Lieve vrienden, verbonden zijn – afgestemd zijn op elkaar – dat is het thema dat ons deze ochtend samenbrengt. Door gezin te zijn, tijd te maken die echte tijd is, leven jullie Christus. Je leeft Hem als je attent bent en de ander in je gezin zoekt als je persoonlijke doel – wederkerig. Je leeft Hem als je elkaar bevraagd en op het spoor houdt van een gezond en evenwichtig leven dat gericht is op het ontdekken en ontwikkelen van je talenten en uiteindelijk van je roeping en plaats in je leven en in gegeven situaties. Je leeft Hem als je met elkaar ’s morgens, ’s avonds, bij het eten een ogenblik de ogen sluit en de handen vouwt en kunt vragen om zegen, om vergeving, kunt danken en ruimte maakt in je gebed voor de noden van anderen. Je leeft Hem als je de agenda van je gezinsleven bepaald wordt door de zeven werken van barmhartigheid, in geestelijk en materieel opzicht. Een goede daad, een offer gebracht voor een ander, een gezamenlijk nagestreefd doel is een krachtig hulpmiddel om bezield verbonden te zijn.

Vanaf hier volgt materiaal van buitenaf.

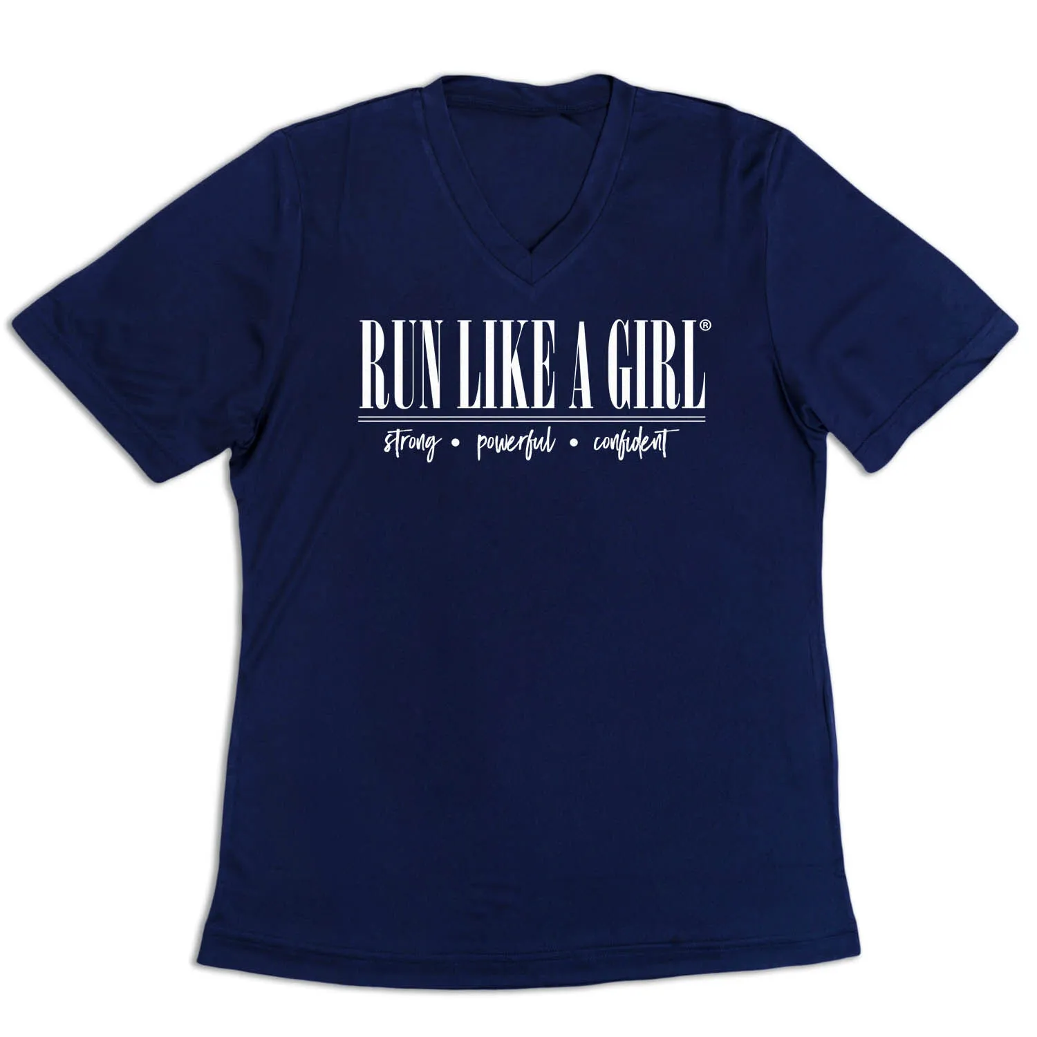 Be strong, powerful, and confident in our women’s short sleeve tech tee featuring our exclusive Run Like A Girl® design. Our V-neck performance tee is made from 100% polyester interlock to keep runners dry and cool. The short sleeve tech tee offers a comfortable and relaxed fit that looks great with any choice of bottoms from leggings and athletic tights to jeans and shorts. This stylish tech tee is perfect for everyday wear and an ideal running gift for any runner girl.

Eucharistie als bron van leven
Velen van ons, zo verwacht ik, vinden een bron van kracht en inspiratie in de viering van de eucharistie. De zondagse kerkgang hoort bij ons patroon van leven en geeft ons een deel van onze identiteit – onze verbondenheid heeft niet alleen een horizontale dimensie, ze is gegrond en geworteld in de ervaring van genade. Hoe maak je je geloof tot een ervaring? Meer bijzonder, hoe kan de viering van de Eucharistie je helpen om af te stemmen op elkaar en het sacrament van het huwelijk in het gezin tot zijn volle vrucht en daarmee voor jullie en je kinderen tot zijn volle geluk te laten komen?
Ben je bekend met de dynamiek van de Eucharistie? Je deelt in een verschillende soorten van aanwezigheid van de Heer – ervaring van zijn nabijheid: in de geloofsgemeenschap die samen is gekomen, in het dienstwerk van de priester die de Levende Heer stem en hand geeft, in de ontmoeting met de lezingen uit de Bijbel die geestgeladen zijn en in het eucharistisch geloofsgeheim waarin de Heer zelf zijn verlossend lijden, sterven en verrijzen hernieuwt.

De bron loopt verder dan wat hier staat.